Lead researcher Dr Megan Ruiter, from the University of Alabama, said: "In employed middle-aged to older adults, relatively free of major risk factors for stroke such as obesity and sleep-disordered breathing, short sleep duration may exact its own negative influence on stroke development.

"We speculate that short sleep duration is a precursor to other traditional stroke risk factors, and once these traditional stroke risk factors are present, then perhaps they become stronger risk factors than sleep duration alone."

She presented the findings at the Sleep 2012 meeting currently taking place in Boston.

Further research supporting the results would suggest a need for more awareness of poor sleep as a stroke risk factor, said Dr Ruiter.

"Sleep and sleep-related behaviours are highly modifiable with cognitive behavioural therapy approaches and/or pharmaceutical interventions," she added. "These results may serve as a preliminary basis for using sleep treatments to prevent the development of stroke."

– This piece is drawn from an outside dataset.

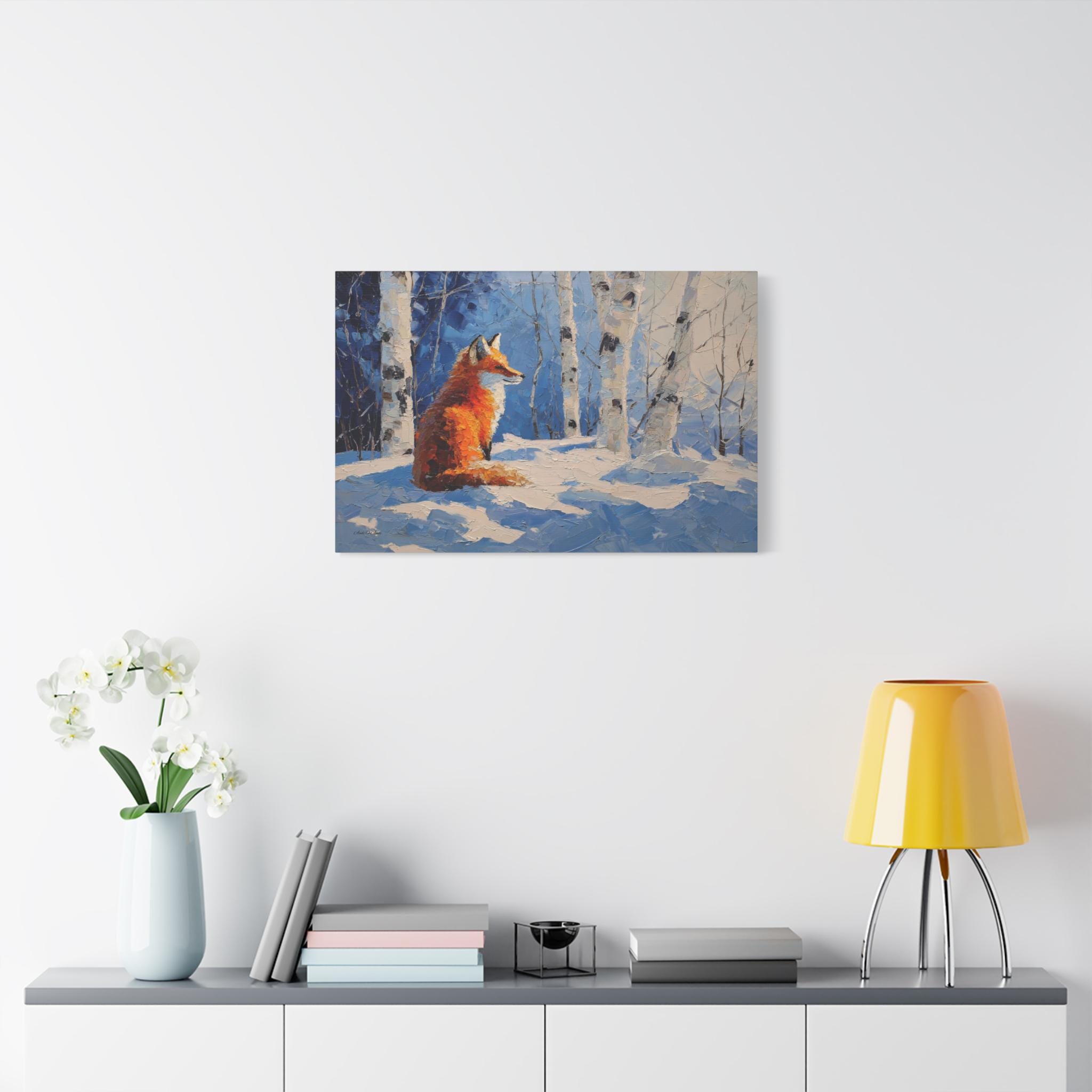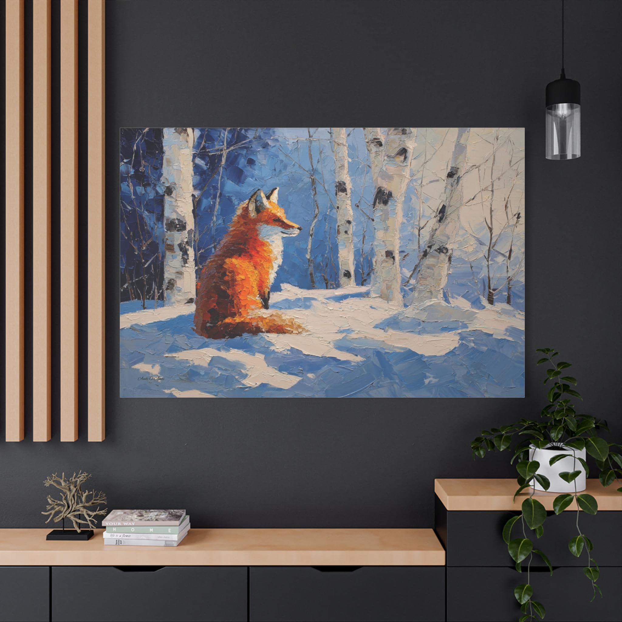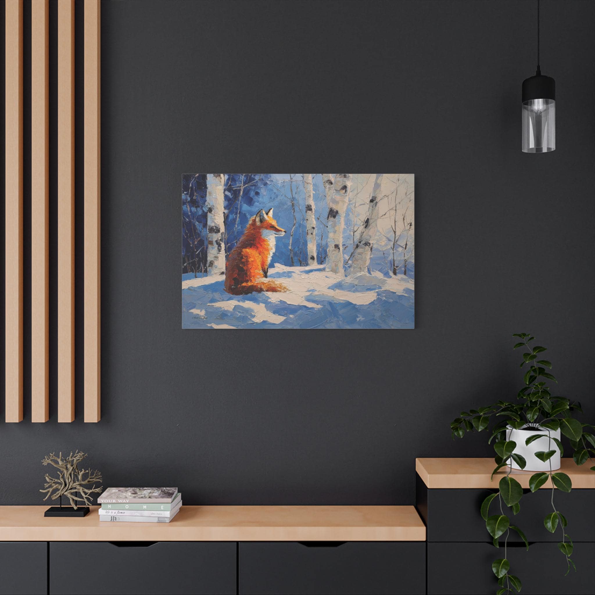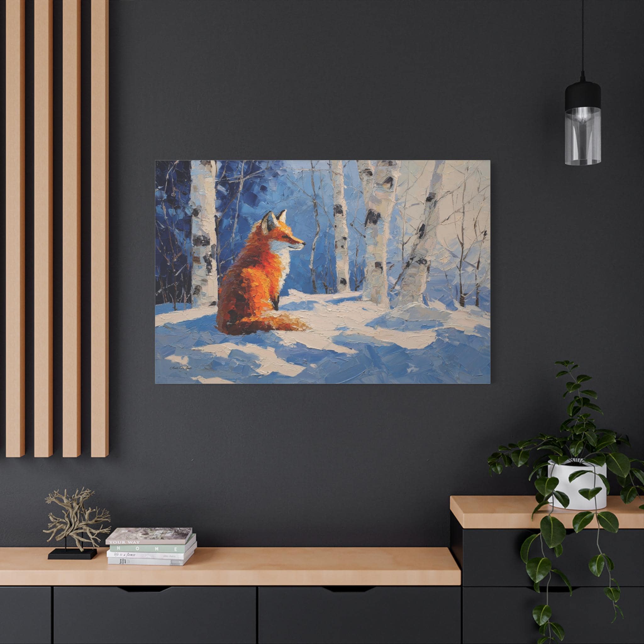 Bring the crisp beauty, striking color, and serene magic of the winter forest into your home with this stunning red fox canvas print. This captivating horizontal artwork features a bright, beautiful red fox sitting peacefully in a deep, snowy woodland landscape, framed by majestic white birch trees. The intense, fiery oranges and golds of the fox's thick winter coat create a breathtaking contrast against the cool icy blues and stark whites of the snow and shadows.

Another small study presented at the same meeting indicated that fear of the dark may contribute to insomnia.

Nearly half of a group of students who complained of lack of sleep also admitted to being afraid of the dark.

In tests, researchers found they produced jumpier responses to sudden noise bursts in dark surroundings.

"The poor sleepers were more easily startled in the dark compared with good sleepers," said study leader Taryn Moss, from Ryerson University in Toronto, Canada.